P. Zimmer, J. T. McGraw (University of New Mexico), CTI-II Computing Collective Collaboration

The University of New Mexico is currently implementing the CCD/Transit Instrument Version II (CTI-II), a 1.8m meridian-pointing telescope, and equipping it with a modern focal plane array and wide-field optics for deployment at McDonald Observatory. The current design of CTI-II is expected to generate over two hundred gigapixels of image data per night of operation from a one degree wide strip of the sky in five bandpasses. These data will feed both realtime and near-realtime analysis pipelines, the design of which is driven by the principle science projects of CTI-II. However, the goals of these analysis systems are common to many sky surveys: precision astrometry, precision photometry, and the ability to facilitate rapid follow-up observations.

Given the potential of new optics and detectors coupled with a unique, dedicated observing mode, several key science projects have been chosen as drivers of the ultimate design of CTI-II:

Red Star Astrometry -- The data pipeline must accurately and precisely measure stellar positions with respect to existing astrometric standards to well within the inherent systematic optical system errors (< 0.003” rms).

AGN Reverberations -- The CTI-II data system must be able to recover the intensities of AGN cores across a wide dynamic range under varying seeing and background conditions to within the errors expected from the optical system and detectors.

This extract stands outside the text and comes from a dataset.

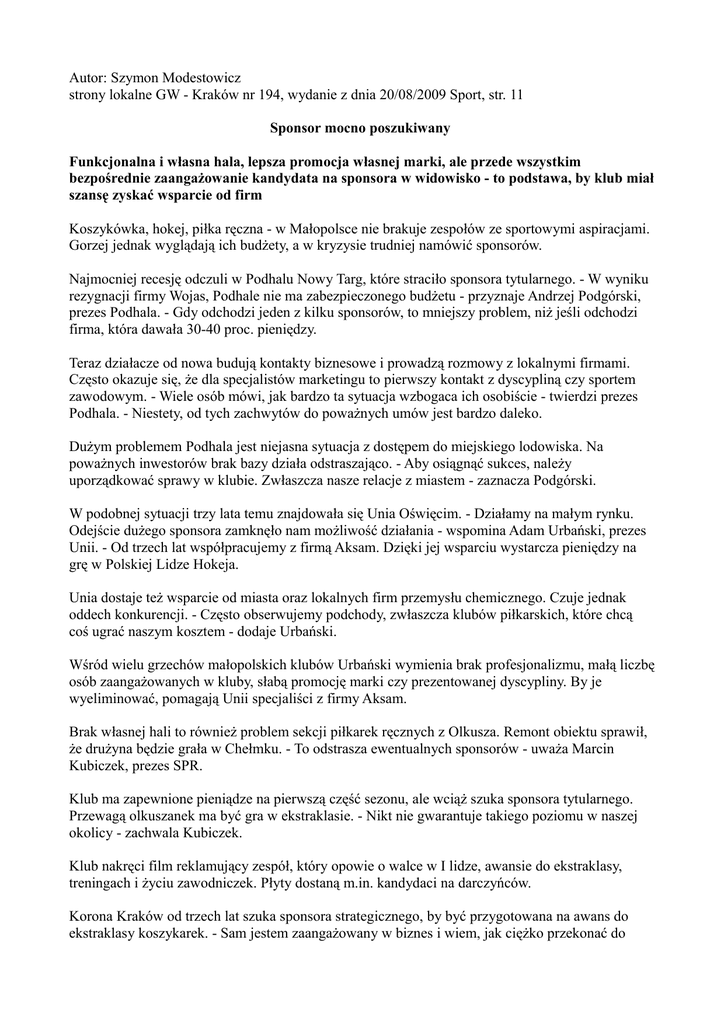 Autor: Szymon Modestowicz strony lokalne GW - Kraków nr 194, wydanie z dnia 20/08/2009 Sport, str. 11 Sponsor mocno poszukiwany Funkcjonalna i własna hala, lepsza promocja własnej marki, ale przede wszystkim bezpośrednie zaangażowanie kandydata na sponsora w widowisko - to podstawa, by klub miał szansę zyskać wsparcie od firm Koszykówka, hokej, piłka ręczna - w Małopolsce nie brakuje zespołów ze sportowymi aspiracjami. Gorzej jednak wyglądają ich budżety, a w kryzysie trudniej namówić sponsorów. Najmocniej recesję odczuli w Podhalu Nowy Targ, które straciło sponsora tytularnego. - W wyniku rezygnacji firmy Wojas, Podhale nie ma zabezpieczonego budżetu - przyznaje Andrzej Podgórski, prezes Podhala. - Gdy odchodzi jeden z kilku sponsorów, to mniejszy problem, niż jeśli odchodzi firma, która dawała 30-40 proc. pieniędzy. Teraz działacze od nowa budują kontakty biznesowe i prowadzą rozmowy z lokalnymi firmami. Często okazuje się, że dla specjalistów marketingu to pierwszy kontakt z dyscypliną czy sportem zawodowym. - Wiele osób mówi, jak bardzo ta sytuacja wzbogaca ich osobiście - twierdzi prezes Podhala. - Niestety, od tych zachwytów do poważnych umów jest bardzo daleko. Dużym problemem Podhala jest niejasna sytuacja z dostępem do miejskiego lodowiska. Na poważnych inwestorów brak bazy działa odstraszająco. - Aby osiągnąć sukces, należy uporządkować sprawy w klubie. Zwłaszcza nasze relacje z miastem - zaznacza Podgórski. W podobnej sytuacji trzy lata temu znajdowała się Unia Oświęcim. - Działamy na małym rynku. Odejście dużego sponsora zamknęło nam możliwość działania - wspomina Adam Urbański, prezes Unii. - Od trzech lat współpracujemy z firmą Aksam. Dzięki jej wsparciu wystarcza pieniędzy na grę w Polskiej Lidze Hokeja. Unia dostaje też wsparcie od miasta oraz lokalnych firm przemysłu chemicznego. Czuje jednak oddech konkurencji. - Często obserwujemy podchody, zwłaszcza klubów piłkarskich, które chcą coś ugrać naszym kosztem - dodaje Urbański. Wśród wielu grzechów małopolskich klubów Urbański wymienia brak profesjonalizmu, małą liczbę osób zaangażowanych w kluby, słabą promocję marki czy prezentowanej dyscypliny. By je wyeliminować, pomagają Unii specjaliści z firmy Aksam. Brak własnej hali to również problem sekcji piłkarek ręcznych z Olkusza. Remont obiektu sprawił, że drużyna będzie grała w Chełmku. - To odstrasza ewentualnych sponsorów - uważa Marcin Kubiczek, prezes SPR. Klub ma zapewnione pieniądze na pierwszą część sezonu, ale wciąż szuka sponsora tytularnego. Przewagą olkuszanek ma być gra w ekstraklasie. - Nikt nie gwarantuje takiego poziomu w naszej okolicy - zachwala Kubiczek. Klub nakręci film reklamujący zespół, który opowie o walce w I lidze, awansie do ekstraklasy, treningach i życiu zawodniczek. Płyty dostaną m.in. kandydaci na darczyńców. Korona Kraków od trzech lat szuka sponsora strategicznego, by być przygotowana na awans do ekstraklasy koszykarek. - Sam jestem zaangażowany w biznes i wiem, jak ciężko przekonać do inwestowania w sport - opowiada Jan Mostowik, prezes Korony. - Ciężko też rywalizować z tak medialną dyscypliną jak piłka nożna. Klub z Podgórza wprowadza nowoczesną strategię promowania marki. - Podjęliśmy współpracę z firmą z Łodzi, która przygotowała plan działania w celu wzmocnienia naszej pozycji - twierdzi Mostowik. Są kluby, którym udało się namówić poważną firmę i to na dobre i na złe. Tak Can-Pack związał się z Wisłą. - Klubowi zależy na wizerunku drużyny. Dodanie członu nazwy sponsora lub umieszczenie reklam na strojach kosztuje najwięcej - zdradza Robert Strupiechowski, kierownik marketingu Wisły. - Pozostałe formy: banery w hali, reklama na materiałach poligraficznych lub w internecie są dostępne dla każdej, nawet drobnej firmy. Przedstawiciel Wisły zaznacza, że w kontaktach z firmami liczy się bezpośrednie zaangażowanie w widowisko. - Ważne, by potencjalnych reklamodawców zaprosić na mecz. Muszą przekonać się, że warto - zaznacza Strupiechowski. - Wysyłać ofertę reklamową bez jakiejkolwiek wcześniejszej rozmowy nie ma sensu. Dla "Gazety" Piotr Jakóbik agencja Sport Evolution O coraz większym zainteresowaniu sponsoringiem sportowym świadczą badania. Potencjał rozwoju jest ogromny. Jeśli popatrzymy na sumy, jakie na sponsoring sportowy wydają firmy na Zachodzie, zobaczymy, że dzielą nas od nich lata świetlne. Część firm wyłożyłaby pieniądze na sport, gdyby miała z kim rozmawiać w klubach. "Działacze" są jednak często nieprzygotowani do takich rozmów. Nieprofesjonalne zarządzanie, brak infrastruktury oraz struktur marketingowych zniechęcają do podjęcia współpracy. Za jej podjęciem przemawia wiele czynników, a najważniejsze to powiązanie marki z emocjami, jakie sport wyzwala, dotarcie do specyficznych grup docelowych. Robert Paszczyk dyrektor marketingu na Polskę w bet-at-home.com W dobie kryzysu mniej firm inwestuje w sponsoring sportowy, a część się wycofuje. Polski sport zmienia się na lepsze. Robimy coraz to ciekawsze projekty. W klubach mamy do czynienia z młodymi i dynamicznymi menedżerami, którzy zrozumieli, że wspólne działanie ze sponsorem pomoże osiągnąć sukces. Wymagania sponsorów określa dyscyplina, klub, sytuacja na rynku. Korzyści jest wiele, np. niestandardowy sposób dotarcia do klientów. Problemem klubów w dużej mierze są obiekty sportowe. Liczę, że ta sytuacja szybko się zmieni.

Supernova Detection -- A supernova candidate detected by CTI-II enters the cooperating Hobby-Eberly Telescope (HET) field-of-regard after approximately one hour. Therefore, the realtime portion of the data analysis pipeline must identify supernova candidates, characterize them, and alert the astronomer-on-call in less than fifteen minutes, with a very low false positive rate, under varying seeing and background conditions.

We have established grassroots collaborations with the Computer Science and Electrical and Computer Engineering Departments at UNM to help address these challenges, engaging both students and faculty in the design and implementation process.